Support for the offer intended
Tele Columbus AG: Delisting offer announced by Kublai GmbH
- Offer price is expected to be EUR 3.25
- Application for revocation of the admission to trading on the Regulated Market is expected to be filed before the end of the acceptance period of the offer
Berlin, 24 June 2021. The Management Board of Tele Columbus AG (ISIN: DE000TCAG172, WKN: TCAG17) takes note of yesterday's decision of Kublai GmbH to make a public delisting tender offer. In the Offer Document dated 29 January 2021, Kublai had reserved the right to make a delisting offer in the event of a successful offer, depending on the market environment. Pursuant to the Investment Agreement, the Management Board of Tele Columbus will support the Bidder within the scope of its duties as a corporate body and will also file an application for the revocation of the admission of the Tele Columbus Shares to trading on the Regulated Market (Prime Standard) of the Frankfurt Stock Exchange before the expiry of the acceptance period of the Delisting Offer.
The Management Board, the Supervisory Board and the major shareholder Kublai GmbH are convinced that Tele Columbus AG is better positioned as a de-listed company. After completion of the voluntary public takeover offer in April 2021 and the capital increase with subscription rights in the amount of approximately ?475 million in May 2021, Kublai GmbH currently directly holds approximately 94.4% of the share capital of Tele Columbus AG. The remaining free float consequently holds less than 6% of the outstanding shares. The average daily trading volume has also decreased significantly in recent weeks.
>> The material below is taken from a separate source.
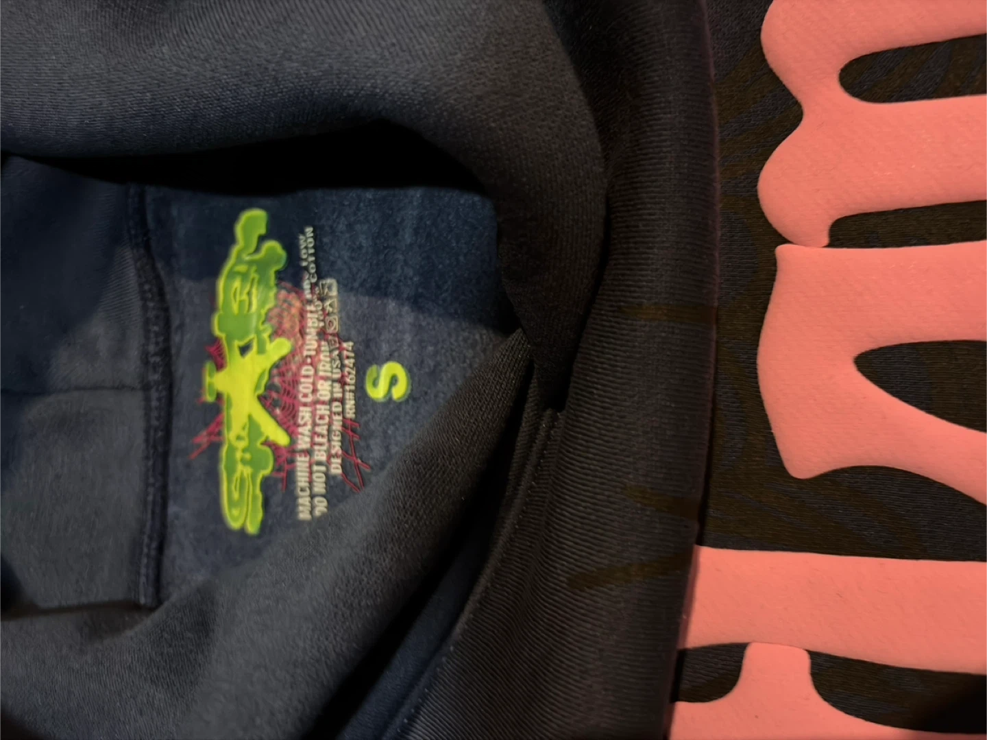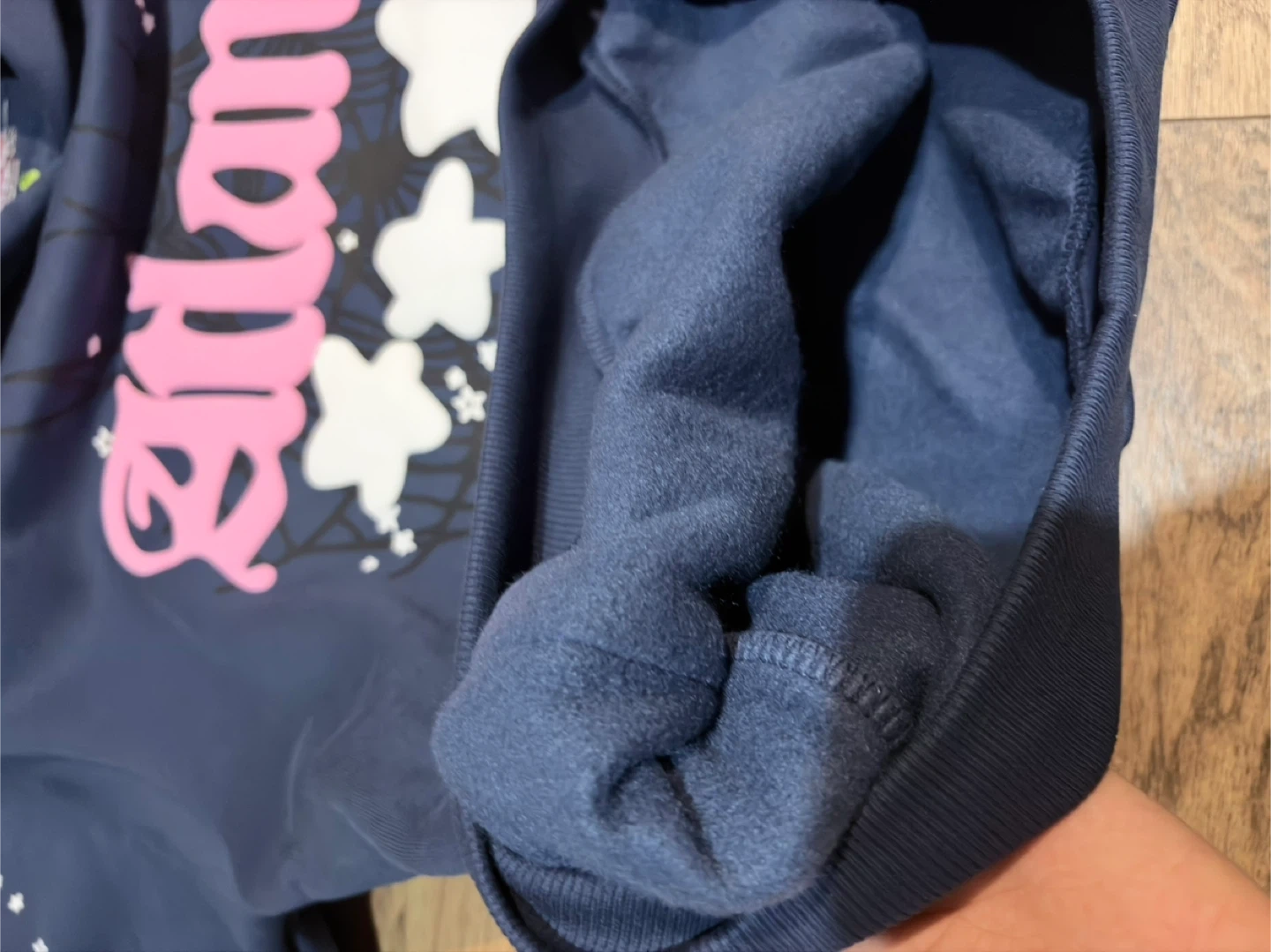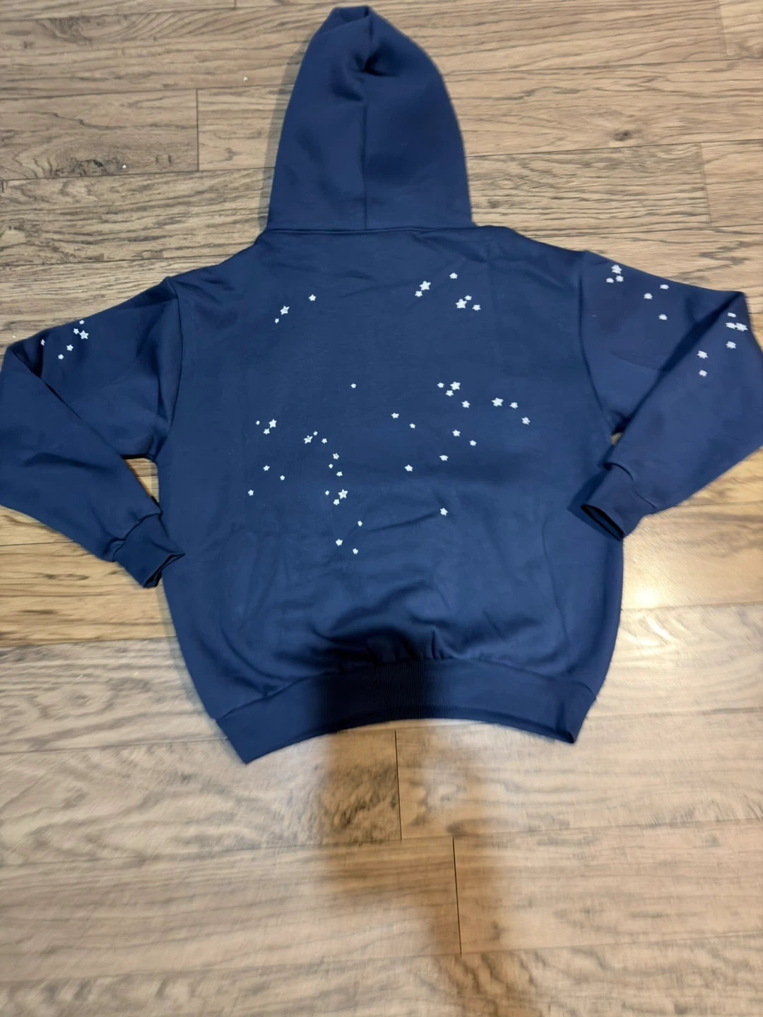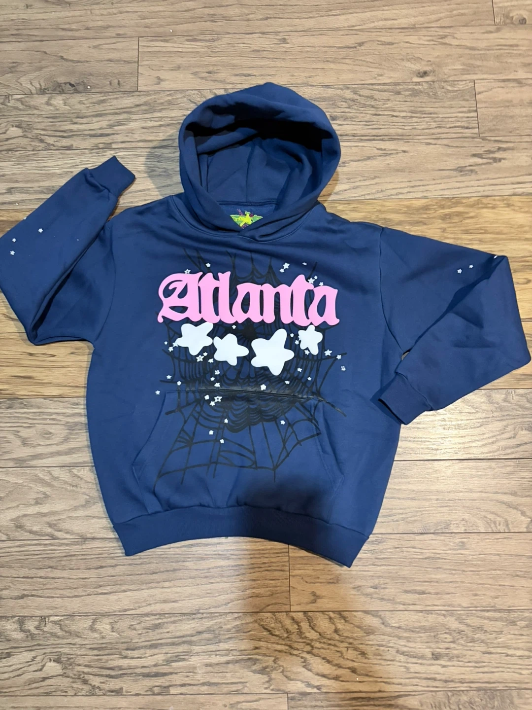 This is a blue graphic hoodie with an "Atlanta" design. It's made of cotton and has a size tag indicating "S". The hoodie is fleece-lined for extra warmth.

Within the framework of the investment agreement, Kublai GmbH has agreed to invest further equity capital of up to ? 75 million in the company in order to support the implementation of the Fiber Champion strategy. Against this background, Tele Columbus believes that sufficient access to equity is secured and the use of the capital market as a financing option is no longer necessary.
Furthermore, the listing on a regulated market is associated with significant internal and external costs for the provision of capital-market related information.
About Tele Columbus
Tele Columbus AG is one of Germany's leading fibre network operators which reaches more than 3 million homes. Via its brand P?UR, the Company, offers high-speed internet including telephony and more than 250 TV channels. All of this via a digital entertainment platform that combines linear TV with video on demand entertainment. To its housing association partners, the Tele Columbus Group offers tailored models of cooperation and state-of-the-art services such as telemetric and tenant portals. As a full-service partner for municipalities and regional utilities, the Company is actively supporting the fibreglass-based infrastructure and broadband internet expansion in Germany. For its business customers the Group offers carrier services and corporate solutions on its proprietary fibre network. Besides its headquarters in Berlin, the Company has locations in Hamburg, Leipzig, Ratingen and Unterföhring/Munich. Since January 2015, Tele Columbus AG is listed on the regulated market (Prime Standard) of the Frankfurt Stock Exchange.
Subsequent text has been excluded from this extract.